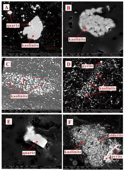 SEM back-scattered images of kaolinite, quartz, pyrite and siderite in the sample of CJG-1-1. (A) dispersed kaolinite and quartz particles; (B,C) syngenetic cell-filling kaolinite; (D) syngenetic cell-filling kaolinite and detrital pyrite grain; (E) authigenic quartz; (F) mineral assemblage including siderite, kaolinite, and framboidal pyrite.
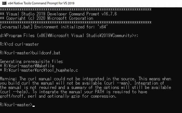 nmake を利用したcurlのコンパイル
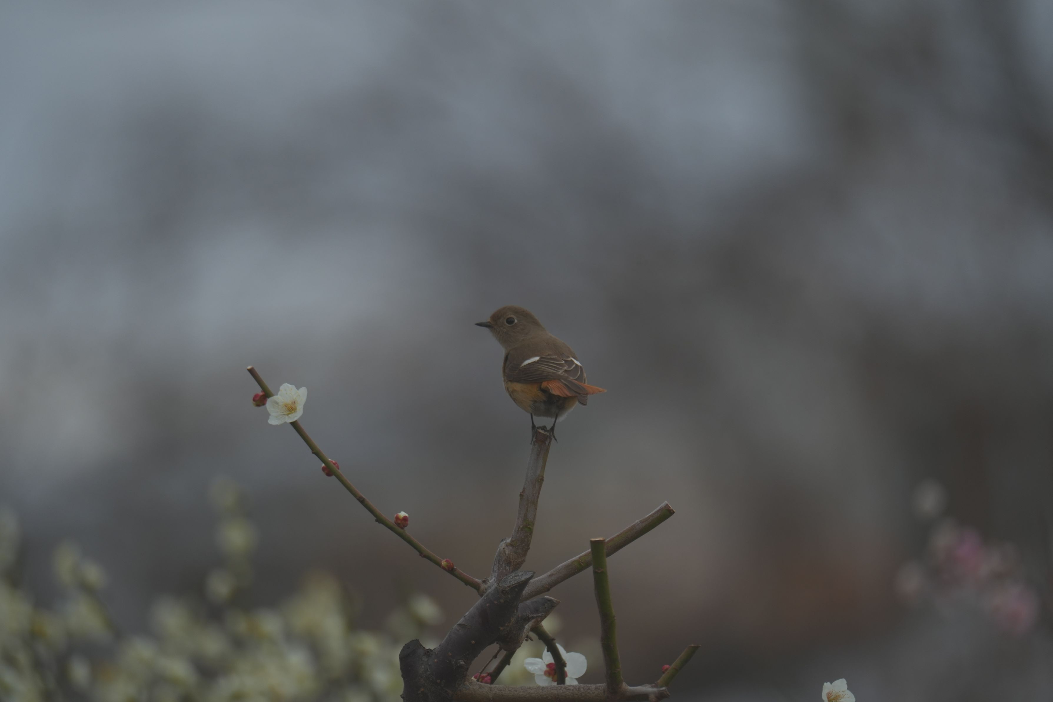 食欲旺盛なジョウビタキくんが珍しく迷っている様です 岐阜県安八百梅園梅祭りにて撮影
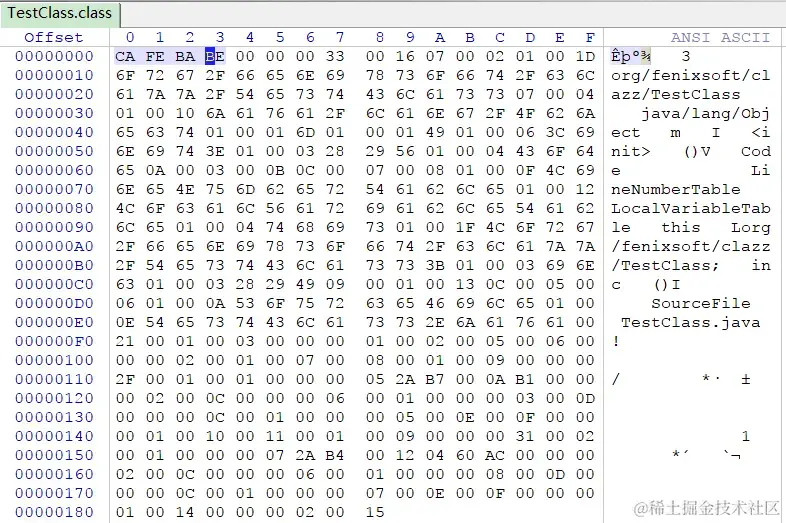 Class文件是字节码文件,需要使用16进制编辑器查看,本文中选用 WinHex,打开Class文件后整体如下:
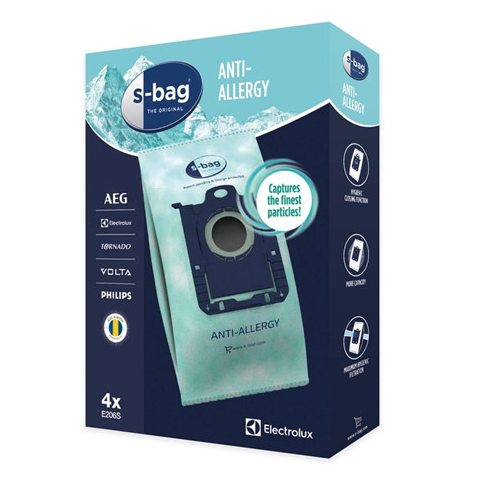 Electrolux PORZSÁK E206S s-bag® Antiallergén porzsák Az s-bag® Anti-Allergy segít az egészséges környezet fenntartásában, hatékonyan javítja otthona levegőminőségét. Tökéletes szűrés A szintetikus porzsák a legapróbb részecskék ellen is hatéko
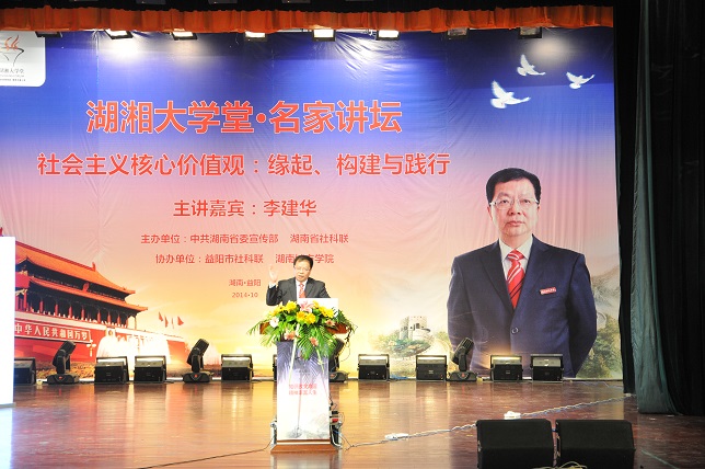 下午,由省委宣传部和省社科联主办的“湖湘大学堂·名家讲坛”在我校音乐厅隆重举行。长江学者、校长李建华教授主讲,他以“社会主义核心价值观的缘起、构建与实施战略为题,与省市社科界专家学者、新闻媒体和500余名师生代表畅谈交流。
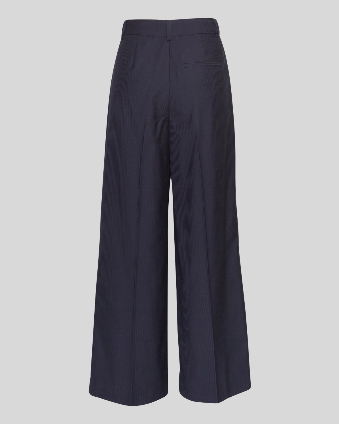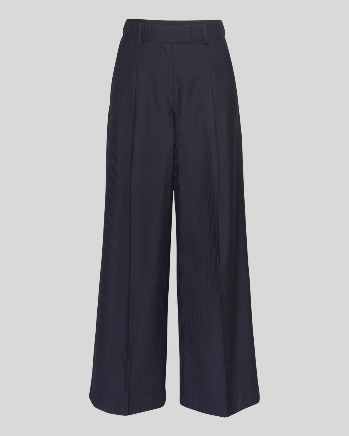 The Maelynn HW Pants STP are crafted from a premium wool blend, offering a refined tailoring finish and the natural warmth of wool. These high-waisted pants feature a wide-leg silhouette for a modern, elegant look, perfect for both casual and formal occasions. The design includes a button and zipper closure for a secure fit, along with belt loops for added versatility in styling. The subtle stripe pattern adds a sophisticated touch, while the wool blend ensures both comfort and style. Pair them with the matching blazer or vest for a chic, coordinated outfit that is ideal for cooler weather.
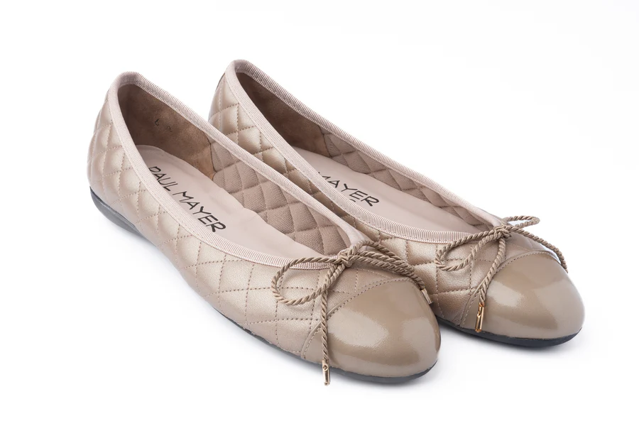PAUL MAYER - BEST QUILTED LEATHER BALLET FLAT - SIZE 10 - PATENT CHAMPAGNE / NAPPA CHAMPAGNE

THE TASK: Would you retype all the material above exactly, apart from its pictures?

ANSWER BOX:
 SEM back-scattered images of kaolinite, quartz, pyrite and siderite in the sample of CJG-1-1. (A) dispersed kaolinite and quartz particles; (B,C) syngenetic cell-filling kaolinite; (D) syngenetic cell-filling kaolinite and detrital pyrite grain; (E) authigenic quartz; (F) mineral assemblage including siderite, kaolinite, and framboidal pyrite.
 nmake を利用したcurlのコンパイル
 食欲旺盛なジョウビタキくんが珍しく迷っている様です 岐阜県安八百梅園梅祭りにて撮影
 Class文件是字节码文件,需要使用16进制编辑器查看,本文中选用 WinHex,打开Class文件后整体如下:
 Electrolux PORZSÁK E206S s-bag® Antiallergén porzsák Az s-bag® Anti-Allergy segít az egészséges környezet fenntartásában, hatékonyan javítja otthona levegőminőségét. Tökéletes szűrés A szintetikus porzsák a legapróbb részecskék ellen is hatéko
 下午,由省委宣传部和省社科联主办的“湖湘大学堂·名家讲坛”在我校音乐厅隆重举行。长江学者、校长李建华教授主讲,他以“社会主义核心价值观的缘起、构建与实施战略为题,与省市社科界专家学者、新闻媒体和500余名师生代表畅谈交流。
 The Maelynn HW Pants STP are crafted from a premium wool blend, offering a refined tailoring finish and the natural warmth of wool. These high-waisted pants feature a wide-leg silhouette for a modern, elegant look, perfect for both casual and formal occasions. The design includes a button and zipper closure for a secure fit, along with belt loops for added versatility in styling. The subtle stripe pattern adds a sophisticated touch, while the wool blend ensures both comfort and style. Pair them with the matching blazer or vest for a chic, coordinated outfit that is ideal for cooler weather.
PAUL MAYER - BEST QUILTED LEATHER BALLET FLAT - SIZE 10 - PATENT CHAMPAGNE / NAPPA CHAMPAGNE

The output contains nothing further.